## Work to be completed
In the data below, find the line containing "Ingredientes: té verde", then set down that line and every later line up to and including the line containing "广东警官学院101组(男生),物理类最低录取分数线为555分;", exactly.

## Source data

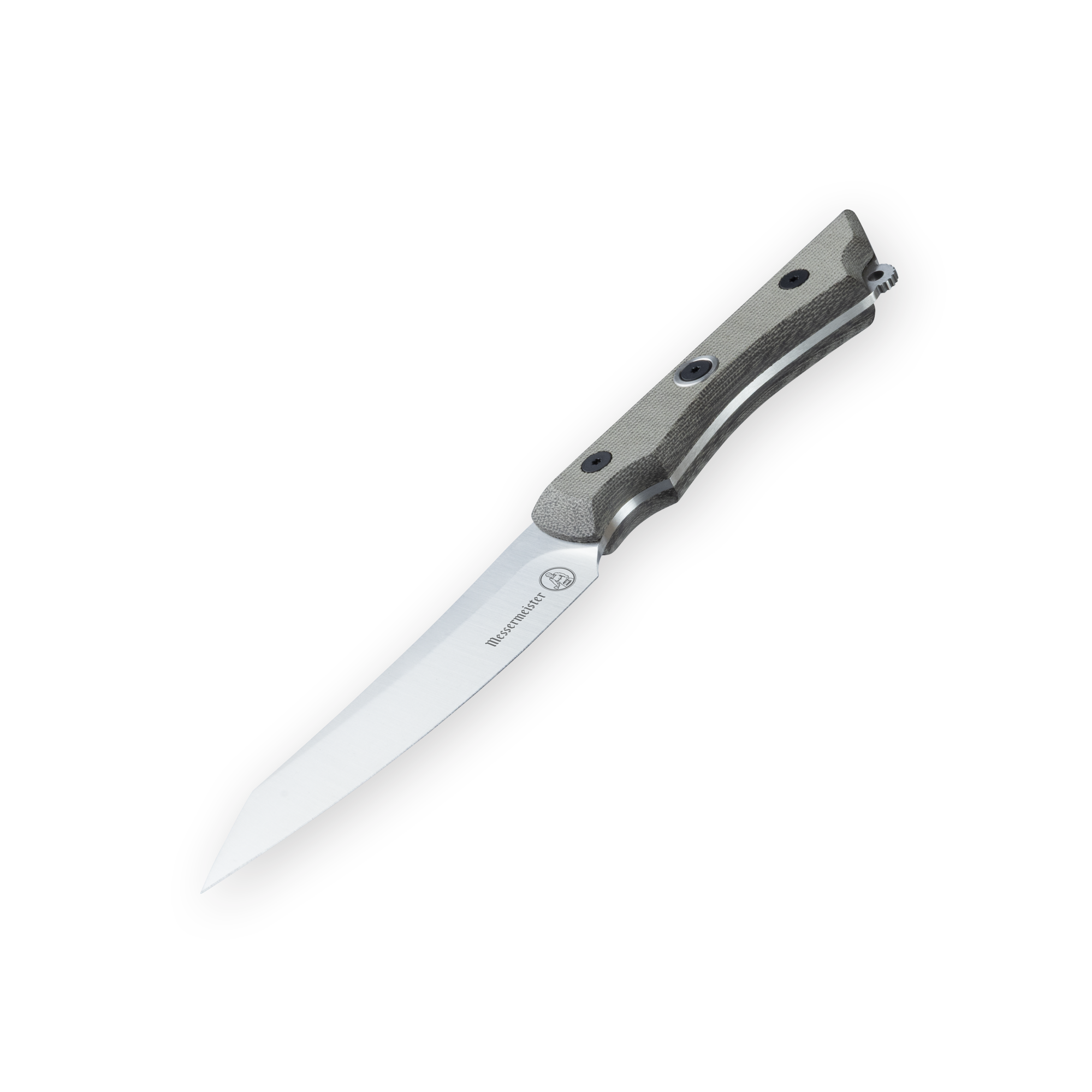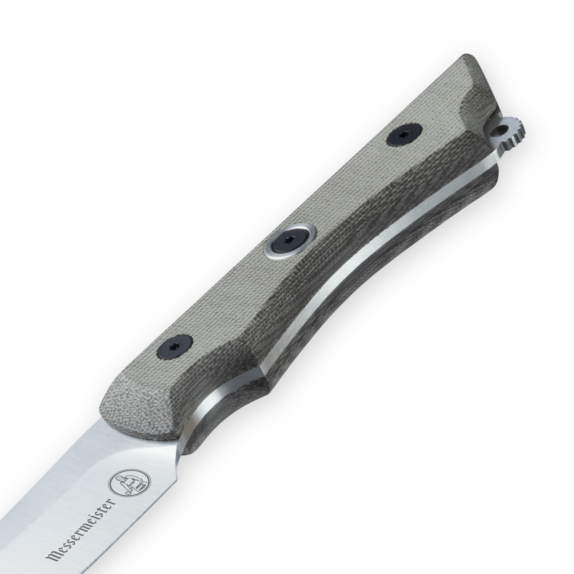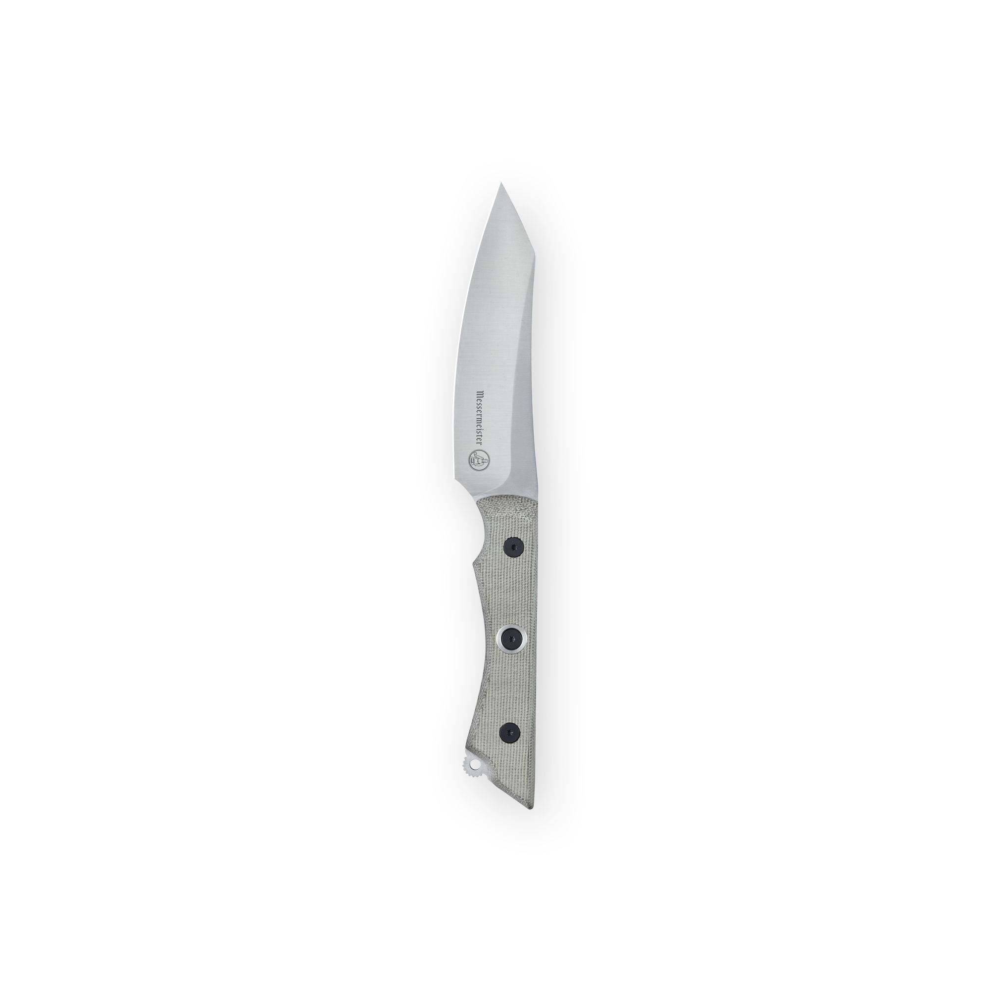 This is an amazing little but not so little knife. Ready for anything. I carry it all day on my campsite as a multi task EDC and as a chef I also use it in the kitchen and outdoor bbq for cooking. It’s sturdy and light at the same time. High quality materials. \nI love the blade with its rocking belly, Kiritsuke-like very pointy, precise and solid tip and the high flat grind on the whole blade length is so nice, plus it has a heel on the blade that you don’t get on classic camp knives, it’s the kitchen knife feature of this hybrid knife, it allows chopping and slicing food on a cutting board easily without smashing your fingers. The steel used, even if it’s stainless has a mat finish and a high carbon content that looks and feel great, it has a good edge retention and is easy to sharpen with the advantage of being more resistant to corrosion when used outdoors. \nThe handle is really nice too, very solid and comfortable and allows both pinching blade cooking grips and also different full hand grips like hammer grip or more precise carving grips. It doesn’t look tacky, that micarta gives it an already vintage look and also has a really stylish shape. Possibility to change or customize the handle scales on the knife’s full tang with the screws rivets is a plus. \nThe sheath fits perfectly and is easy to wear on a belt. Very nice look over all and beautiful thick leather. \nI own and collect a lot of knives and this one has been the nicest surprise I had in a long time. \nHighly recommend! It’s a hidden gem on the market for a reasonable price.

--

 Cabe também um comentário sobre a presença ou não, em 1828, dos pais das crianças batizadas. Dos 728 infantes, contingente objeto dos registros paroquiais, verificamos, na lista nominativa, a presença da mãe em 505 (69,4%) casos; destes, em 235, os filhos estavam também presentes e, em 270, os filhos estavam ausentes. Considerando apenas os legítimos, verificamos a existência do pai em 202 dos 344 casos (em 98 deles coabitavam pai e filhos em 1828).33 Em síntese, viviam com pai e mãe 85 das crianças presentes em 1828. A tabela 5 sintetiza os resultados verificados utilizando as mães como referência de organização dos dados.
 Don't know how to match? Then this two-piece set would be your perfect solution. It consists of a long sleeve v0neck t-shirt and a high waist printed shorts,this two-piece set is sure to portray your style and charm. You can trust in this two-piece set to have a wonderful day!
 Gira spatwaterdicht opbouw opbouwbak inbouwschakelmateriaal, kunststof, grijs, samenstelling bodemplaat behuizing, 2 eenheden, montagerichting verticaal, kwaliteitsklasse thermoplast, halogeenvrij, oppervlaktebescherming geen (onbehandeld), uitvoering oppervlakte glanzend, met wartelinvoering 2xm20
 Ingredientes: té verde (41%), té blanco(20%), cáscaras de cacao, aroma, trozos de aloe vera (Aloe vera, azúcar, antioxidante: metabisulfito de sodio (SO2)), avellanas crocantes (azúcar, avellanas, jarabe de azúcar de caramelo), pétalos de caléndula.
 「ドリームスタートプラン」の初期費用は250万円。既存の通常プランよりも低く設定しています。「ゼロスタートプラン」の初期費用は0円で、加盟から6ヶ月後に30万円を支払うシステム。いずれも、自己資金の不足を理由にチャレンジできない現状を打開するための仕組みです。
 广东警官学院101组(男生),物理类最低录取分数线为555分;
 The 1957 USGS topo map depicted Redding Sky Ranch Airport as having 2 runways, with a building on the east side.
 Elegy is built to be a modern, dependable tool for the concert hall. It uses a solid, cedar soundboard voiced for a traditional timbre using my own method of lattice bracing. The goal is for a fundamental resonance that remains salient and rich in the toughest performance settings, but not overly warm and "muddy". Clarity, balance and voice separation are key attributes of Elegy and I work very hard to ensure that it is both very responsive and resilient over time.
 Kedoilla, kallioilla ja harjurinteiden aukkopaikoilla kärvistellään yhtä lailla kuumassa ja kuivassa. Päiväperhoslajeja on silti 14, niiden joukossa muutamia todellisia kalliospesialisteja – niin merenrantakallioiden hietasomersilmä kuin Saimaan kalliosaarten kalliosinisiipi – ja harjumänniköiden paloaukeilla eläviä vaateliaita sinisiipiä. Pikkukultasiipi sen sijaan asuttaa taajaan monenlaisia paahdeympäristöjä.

==

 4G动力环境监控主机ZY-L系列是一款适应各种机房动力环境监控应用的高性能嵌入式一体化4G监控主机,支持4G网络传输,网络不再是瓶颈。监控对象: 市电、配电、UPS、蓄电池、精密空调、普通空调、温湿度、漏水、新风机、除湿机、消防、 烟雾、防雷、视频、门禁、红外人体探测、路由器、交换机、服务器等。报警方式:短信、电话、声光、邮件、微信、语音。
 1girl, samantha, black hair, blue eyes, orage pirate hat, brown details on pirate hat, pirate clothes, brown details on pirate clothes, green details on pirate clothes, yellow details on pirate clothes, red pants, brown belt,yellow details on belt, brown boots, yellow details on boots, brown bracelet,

## Exercise output
 Ingredientes: té verde (41%), té blanco(20%), cáscaras de cacao, aroma, trozos de aloe vera (Aloe vera, azúcar, antioxidante: metabisulfito de sodio (SO2)), avellanas crocantes (azúcar, avellanas, jarabe de azúcar de caramelo), pétalos de caléndula.
 「ドリームスタートプラン」の初期費用は250万円。既存の通常プランよりも低く設定しています。「ゼロスタートプラン」の初期費用は0円で、加盟から6ヶ月後に30万円を支払うシステム。いずれも、自己資金の不足を理由にチャレンジできない現状を打開するための仕組みです。
 广东警官学院101组(男生),物理类最低录取分数线为555分;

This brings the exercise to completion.